Leur connerie aura au moins eut le mérite de me faire sourire et de me sortir de mes mornes pensées un instant.

- Vous êtes cons les gars... Je suis pas suicidaire. Quoique parfois à force de vous côtoyer... m'amusai-je mais me stoppant bien vite en voyant leurs mines déconfites. Nan, nan bien au contraire. Juste, j'ai parfois besoin de me rappeler à quel point je tiens à la vie, de mesurer l'importance qu'on se doit de lui porter en regardant sa fin probable en face. J'ai besoin de me souvenir que je suis censé être un mec qui adore la vie même en étant enfermé dans l'une d'elle que je n'affectionne plus depuis longtemps.


Le silence se fit derrière moi et j'en profitai pour me replonger dans ma contemplation, laissant de nouveau le vide envahir mon esprit, un vide reposant.
Le claquement de la porte ouvrant l'accès au toit se fit entendre et je crus un instant me retrouver seul, mais au même moment Liam vint prendre place prêt de moi. Seul Niall s'en était allé. Il s'assit un peu en retrait de sorte à ne pas avoir les jambes dans le vide contrairement à moi, mais il restait dans mon champ de vision sans que je n'ai à tourner la tête.


- Tu vas bien ?
- Oui, ça va et toi ? soufflai-je en même temps qu'un nouveau rond de fumée
- On parle de toi là.
- Et je t'ai répondu... Pourquoi t'es lourd comme ça dès le matin Li!
- Je veux juste m'assurer que tu ne mens pas.
- Je vais bien !


Je commençai à m'agiter malgré ma position vulnérable, la sérénité que je croyais avoir trouvée s'était évaporée et je ne parvenais plus à l'invoquer. Merci Liam.
De nouveau inquiet il posa une main ferme sur mon épaule pour me tranquilliser et appuyer ses propos.

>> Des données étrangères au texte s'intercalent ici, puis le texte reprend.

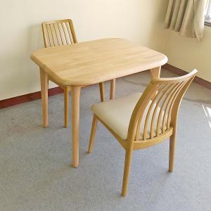 展示品 ダイニングテーブルセット 幅90cm 2人用 ラバーウッド無垢材 ナチュラル PVC張り アイボリー 快適生活EVO90
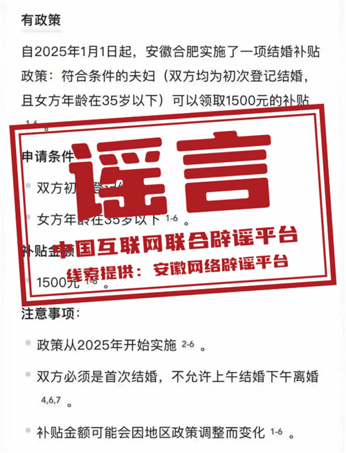 真相:近日,有网民发布消息称“自2025年1月1日起,安徽合肥实施结婚补贴政策”“初次结婚登记可以领取1500元补贴”“下载相关APP即可领补贴款”,引发关注。对此,合肥市民政局发布声明称,网传消息为谣言。合肥市并未研究、出台有关结婚登记的补贴政策,望广大网民注意甄别。(来源:“安徽省互联网违法和不良信息举报”微信公众号)
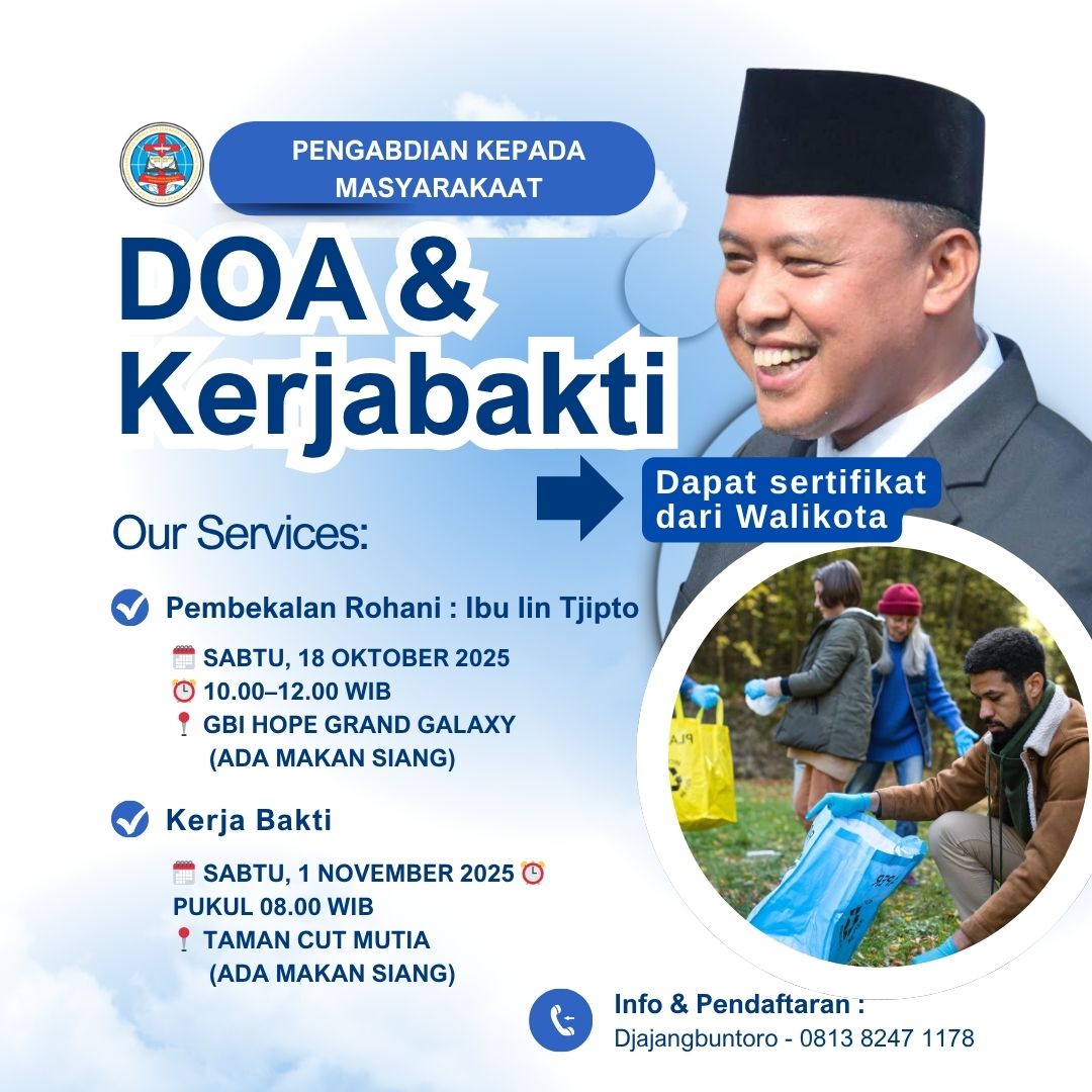 Bekasi,15 Okt 2025 – PGLII (Persekutuan Gereja-Gereja dan Lembaga-Lembaga Injili Indonesia) mengundang Anda untuk berpartisipasi dalam acara “Pengabdian kepada Masyarakat”, sebuah kesempatan berharga untuk memperkaya diri, berkontribusi nyata, dan meraih Sertifikat dari Walikota!

- Même si ta vie s'effrondrait, tu ne répondrais jamais à cette question par un non...
- Alors pourquoi t'entêtes-tu à demander alors?
- Parce que c'est le rôle de l'ami que je suis.

Ami.
J'avais ces derniers temps l'étrange -et loin d'être agréable- sensation de ne plus comprendre le sens de ce mot. Entre mon ami Zayn qui disparaissait sans laisser de trace, et mon ami Harry qui n'avait plus rien d'un ami à sans cesse se trouver au-dessus, puis au-dessous de cette acception l'instant d'après.

La vie était une vraie rigolote. Harry avait vraisemblablement eu des sentiments à mon égard quand je ne le voyais tenir aucun autre rôle que celui d'ami. Et je me réveillais des années plus tard avec une envie incompréhensible de quelque chose de plus avec lui...et évidemment il était passé à autre chose et ses sentiments étaient désormais révolus.
Une vraie merde.
Le mail d'Ed m'avait touché bien plus profondément que je ne l'avais d'abord cru, mais le lire m'avait fait du mal. J'avais réalisé combien j'avais blessé Harry à le cantonner au rang d'ami tout en lui envoyant sans discontinuer des signaux contradictoires qui n'étaient qu'autant d'espoirs déchus de plus pour lui. Cela n'avait pas été intentionnel, bien sûr, néanmoins le résultat restait le même, il avait souffert par ma faute et je n'avais rien vu.
Mais le pire était peut-être ailleurs. Cette lecture m'avait fait prendre conscience que si cette réalité me blessait autant et si le statut révolu par le temps de ses propos m'avait autant serré le coeur c'était parce que nourrissais bel et bien des sentiments envers mon ancien meilleur ami.
Des sentiments dont je n'avais pas eu conscience et que je n'avais pu contrôler, des sentiments qui s'étaient imposés à moi la nuit dernière, assez violemment pour me pousser à franchir la dernière frontière amicale...



***


Le concert de ce soir avait été une bouffée d'air frais pour mon esprit asphyxié par les tourments. Je m'y étais consacré entièrement et il y avait longtemps je ne m'étais autant amusé sur scène. La foule était intenable et les rappels s'étaient multipliés, nous le faisions rarement mais ce soir nous étions remonté deux fois de plus sur scène pour céder à leurs réclamations, laissant l'euphorie du moment surpasser notre fatigue.
Nous savions que nous ne quitterions pas l'arène de si tôt, les techniciens avaient beaucoup à faire les derniers soirs et les fans étaient connus pour être extrêmement patients à la sortie d'un show. Nous nous étions de ce fait tous retrouvés dans la loge commune, nous affalant dans tous les coins alors que nous sortions tout juste de scène.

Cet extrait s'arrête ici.